WHY ANDY THE TEENAGER IS OUR BOY

25 June 2006

The nation is set for a bumpy, yet glorious, relationship with its new tennis child.

He is the tennis son and brother we thought we might never have. In our hearts we always knew that the worst thing about these past years of Henman and Rusedski was the thought that sometime soon they would not be around for us to moan at. Especially with no Briton seeded at Wimbledon, for the first time in 10 years. Along comes Andy Murray, and our sporting home can happily moan again.

“Fears continue,” a national news bulletin announced gloomily last Thursday evening, “about Andy Murray’s form.” The nation’s new tennis child had just lost in three sets and a howling gale in the third round at Nottingham. What’s more, he had cursed under his breath and thrown his racket around when things went pear-shaped in the final set. Tut-tut, that will never do at Wimbledon.

But of course it will. Part of the bond formed so instantly between Britain (yes, we can adopt Scotland quick enough when we want to) and Master Murray last summer was the sense of shambolic indiscipline that matched his outrageous talent. He might be beating the big boys to get to the third round at Wimbledon and Queen’s but half the time he looked as much in need of a doctor as a coach – wobbling in the Stella, wilting at Wimbledon.

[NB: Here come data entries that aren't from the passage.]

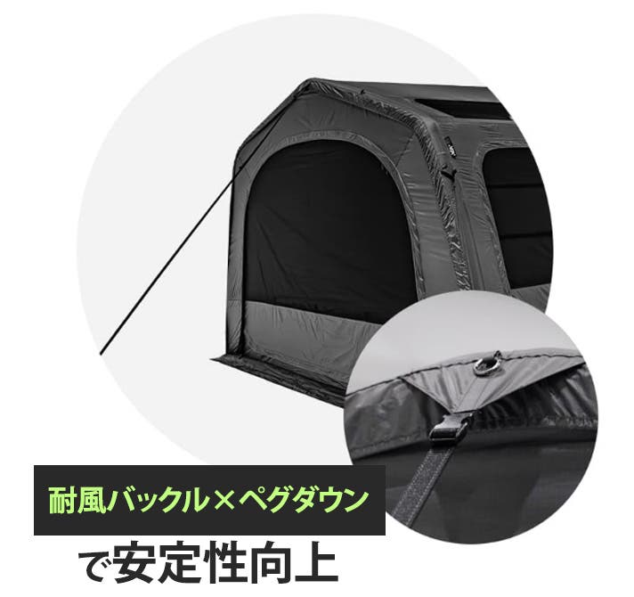 バックルを用いたペグダウンで強風を受けてもテント全体が安定し、突風による揺れや横ぶれを効果的に抑えます。
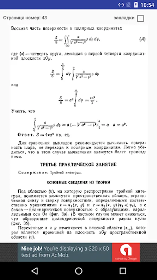 The second practical lesson. Calculation of volumes and surfaces by means of a double integral. Applications of the double integral to the problems of mechanics.
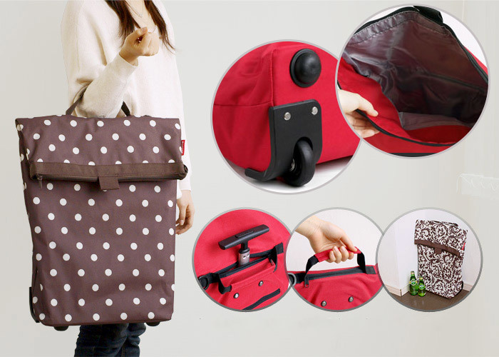 Необычная сумка, которая при желании увеличивается и становится сумкой-тележкой. Удобна для походов в магазин, поездок и переноски большого количества вещей.
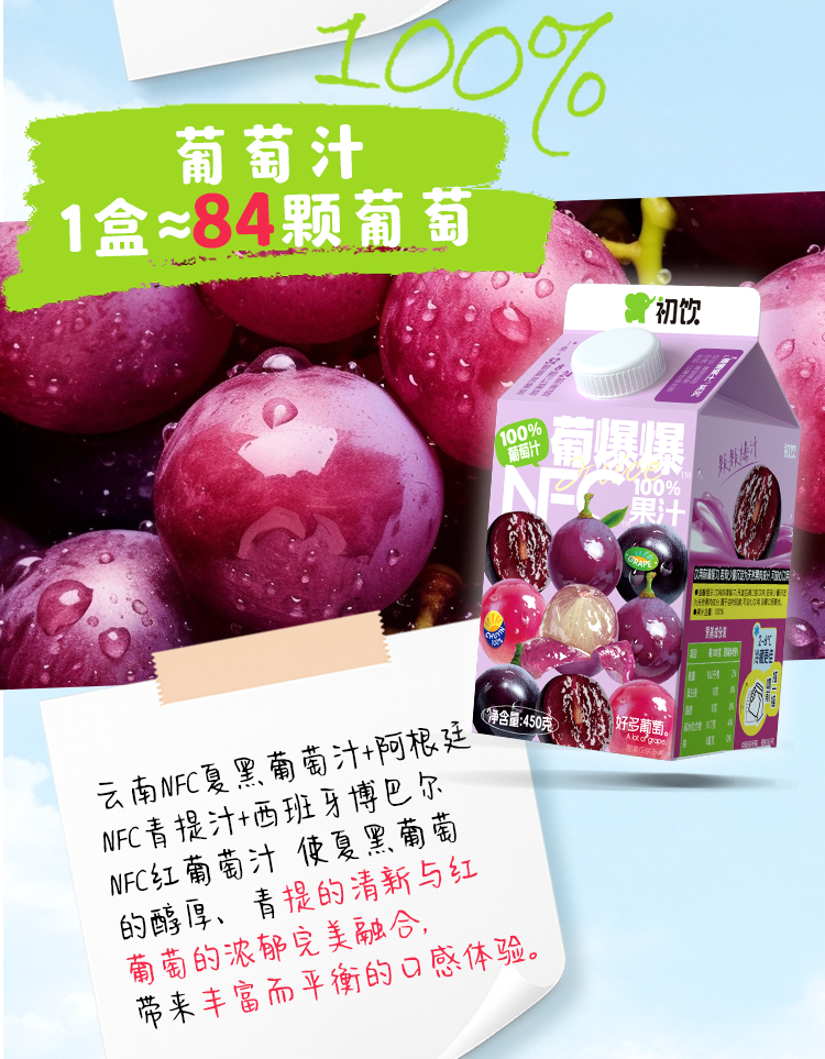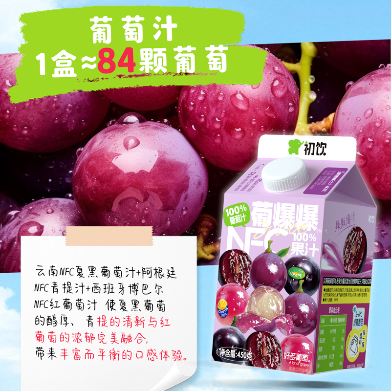 - 三重葡萄汁复合配比:云南NFC夏黑葡萄汁+阿根廷NFC青提汁+西班牙博巴尔NFC红葡萄汁
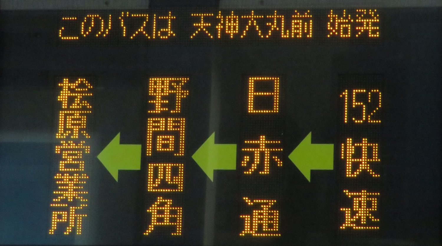 | 現存 |  | 行先: 152 快速 桧原営業所 経由地: 野間四角,長住三丁目 表示区間: 日赤前→清水町(野間・長住・皿山・若久方面) 撮影日: 2019-05-11 公開日: 2019-12-03 撮影者: nnr_1510 備考: ■上下ライン/福岡タワー始発系統のみ別表示あり/ローマ字表記あり(HIBARU)
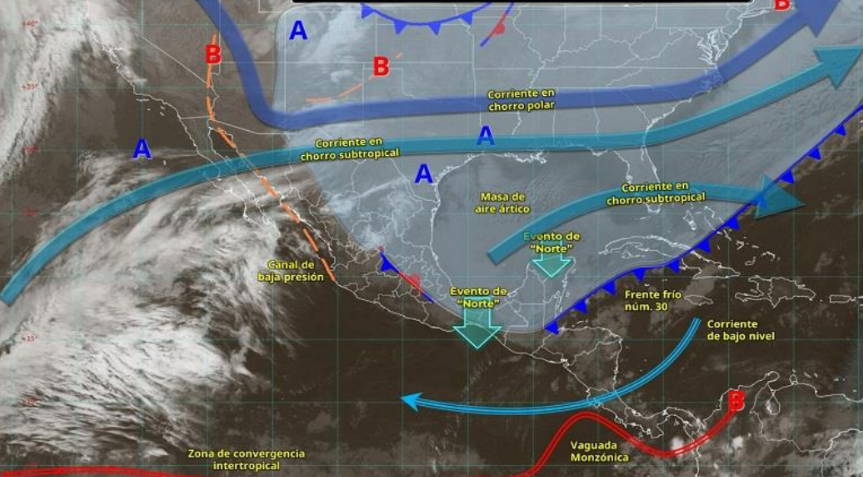 La dependencia señaló que la masa de aire ártico asociada al Frente Frío Número 30 provocará chubascos y lluvias fuertes a muy fuertes en el oriente y sureste del país. Simultáneamente, persistirá el evento de «Norte» con intensidad crítica con rachas de viento de 90 a 110 kilómetros por hora en el Istmo y Golfo de Tehuantepec, así como de 50 a 70 kilómetros por hora en Veracruz y Quintana Roo. Mientras tanto, en la Mesa del Norte y la Mesa Central, incluido el Valle de México, prevalecerá un ambiente de muy frío a gélido con densos bancos de niebla matutinos.

The boy couldn’t be eating properly. Perhaps he ought to have a better breakfast, stop wasting time with his Playstation, maybe even cut his hair. This ‘Kevin the unhealthy teenager’ image has been reinforced for us in the fleeting non-Wimbledon moments when tennis takes the attention. Murray was sick on court in a five-setter at the US Open, he got injured just before the Davis Cup and could only play doubles, and he began last week by needing five minutes of treatment to his right leg mid-match at Nottingham.

He even got censured for that most shocking of sports offences – the ‘audible obscenity’. Gosh, now we really do have almost the perfect ‘vulnerable bad boy’ image to fuss about as Wimbledon looms. All we need is for him to be knocked out in the first round, as he was in both the Australian and French Opens this year, and the cry can go up “whatever’s happened to Andy Murray?” or better still, the bar-room’s perennially least-deserved question whenever Henman finally exited, “why is he so useless?”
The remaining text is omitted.